=== Given entries ===
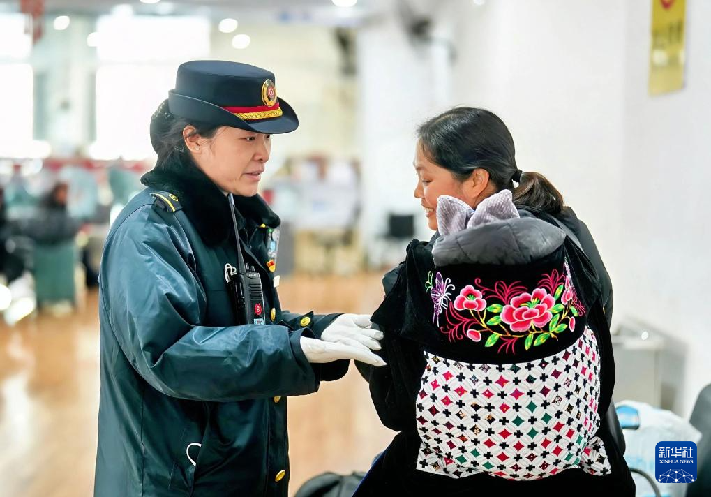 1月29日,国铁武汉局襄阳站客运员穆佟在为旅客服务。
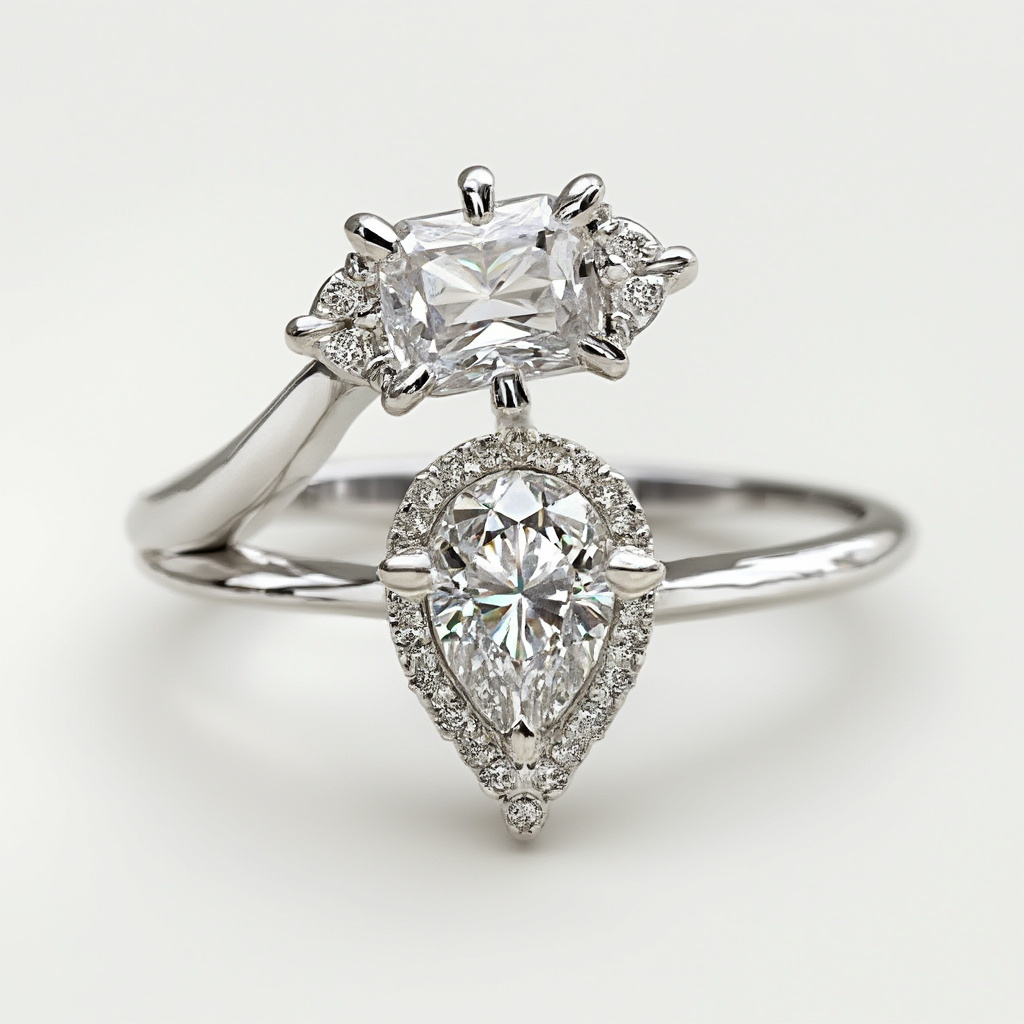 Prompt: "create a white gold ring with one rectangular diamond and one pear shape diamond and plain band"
===
=== Given entries ===
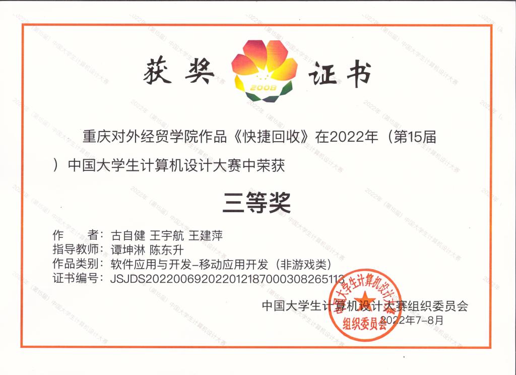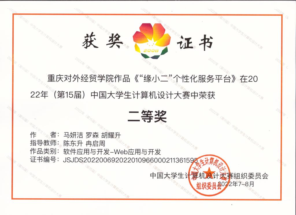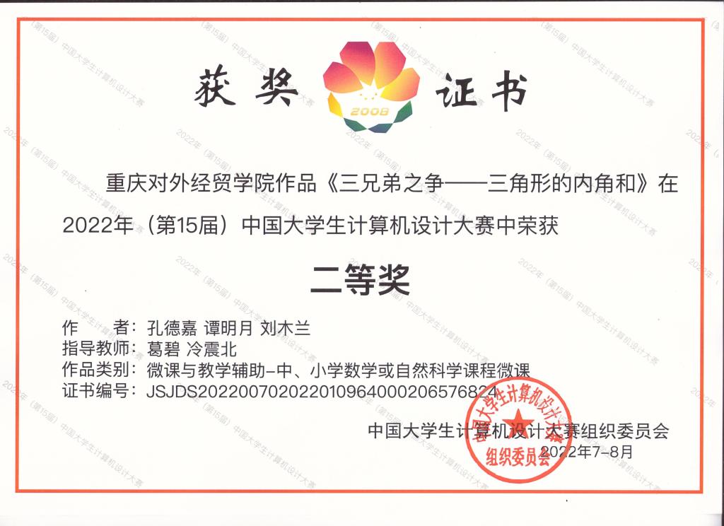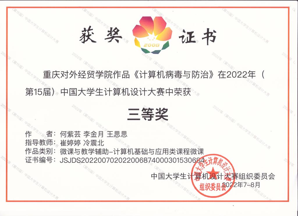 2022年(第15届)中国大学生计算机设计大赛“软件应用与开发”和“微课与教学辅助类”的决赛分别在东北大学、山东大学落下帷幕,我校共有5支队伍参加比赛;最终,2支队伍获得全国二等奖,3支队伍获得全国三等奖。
===
Each line from the one that contains "1月29日,国铁武汉局襄阳站客运员穆佟在为旅客服务。" down to the one that contains "a white gold" is to be returned exactly as it stands above, both ends included, with pictures removed.

**Your response**
 1月29日,国铁武汉局襄阳站客运员穆佟在为旅客服务。
 Prompt: "create a white gold ring with one rectangular diamond and one pear shape diamond and plain band"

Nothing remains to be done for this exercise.